Patients who had mucosal bleeding at diagnosis also were less likely to develop chronic immune thrombocytopenia (OR=0.39; 95% CI, 0.28-0.54).
“The information provided by our systematic review serves the need for identification of reliable predictors for the outcome of immune thrombocytopenia and will guide researchers in the field of pediatric as well as adult immune thrombocytopenia to reflect on their own research as well as to design future studies,” the researchers concluded. “Based on our review, new prediction scores can be generated and tested in large cohorts of patients. To be able to compare prognostic risk factors, in future studies all predictors should be strictly defined and be recorded at time of diagnosis of immune thrombocytopenia. In this way, we might be able to identify patients at higher risk of developing chronic immune thrombocytopenia who may benefit from treatment to prevent a chronic course of immune thrombocytopenia.”
As the authors indicate, childhood immune thrombocytopenia (ITP) is considered to be a heterogeneous disease in terms of pathophysiology and clinical course. The authors concluded from their analysis that an older age of the patient, insidious onset, lack of a preceding infection, mild bleeding or higher platelet counts could be the strongest risk factors for chronic ITP. They also suggested that IV immunoglobulin treatment might protect against development of chronic ITP. Unfortunately, the cited article provided incomplete data regarding pathophysiology.
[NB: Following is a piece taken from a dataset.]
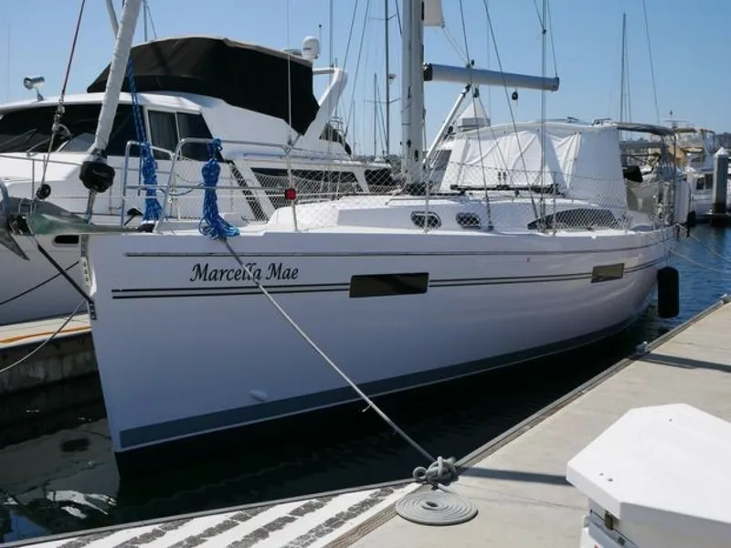 The deck includes twin helms on performance pedestals with pre-stretched cables. The hull features six large fixed ports recessed into the hull for lots of light and visibility. A self-tacking jib and jib traveler are standard, and main and jib sheets are lead to the helm for efficient short-handed sailing. The forward owner's cabin features a large centerline berth with an elevating adjustable mattress. There are starboard and port aft cabins; the latter is easily convertible to a storage cabin with a "gull wing cockpit hatch". A central accessible mechanical space provides excellent access to primary engine, generator, water heater and air conditioners, which simplifies maintenance and inspections necessary for systems reliability.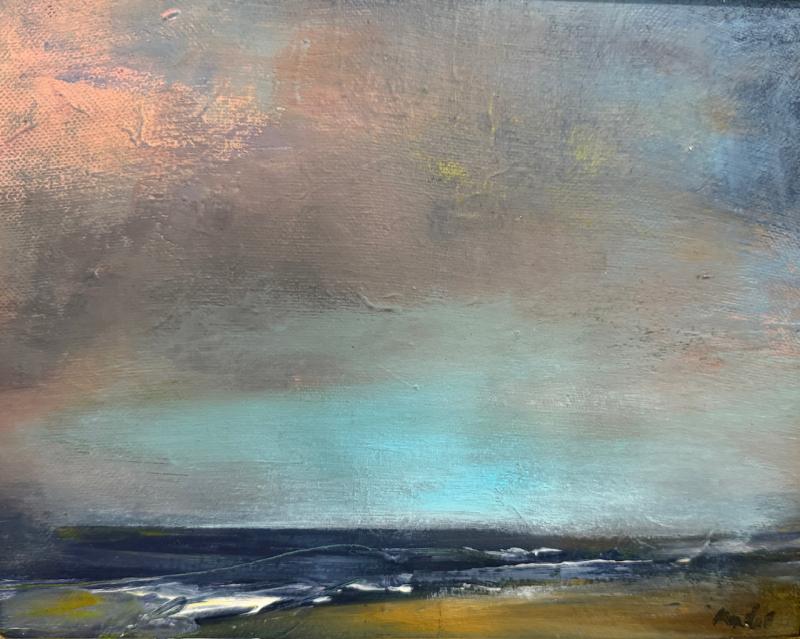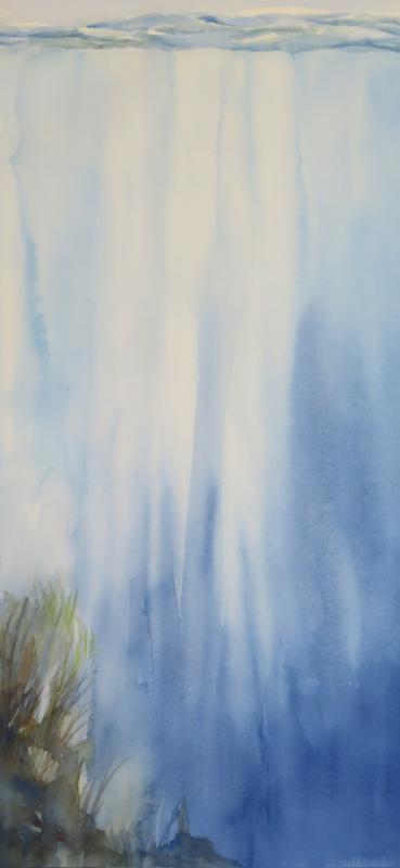 The color of the sea is also affected by the color of the sky, reflected by particles in the water. That luminous sea is discovered and explored in the paintings of Michelle Marshall, Ed Lewandowski and Cheryl Wisbrock. Looking at Lewandowski’s “Blue Grotto,” Marshall’s “Blue Sea,” and Wisbrock’s “The Deep,” viewers can revel in the array of varying blue hues.

Patients who developed chronic ITP were aged older than 11 years compared with the younger children. Adolescents who manifest chronic ITP often have underlying immune dysfunction, such as those with Evan’s syndrome and combined variable immune deficiency. In addition, older children might have autoimmune lymphoproliferative disease underlying the predisposition to ITP. Those children with underlying disorders often prove refractory to conventional treatment with immunoglobulin and/or steroid therapy and may require immunosuppressive therapy. No mention in the article was made regarding the role of splenectomy. Future studies regarding a possible treatment need to evaluate the immune status of patients, especially adolescents, before randomized treatments with IV immunoglobulin are implemented.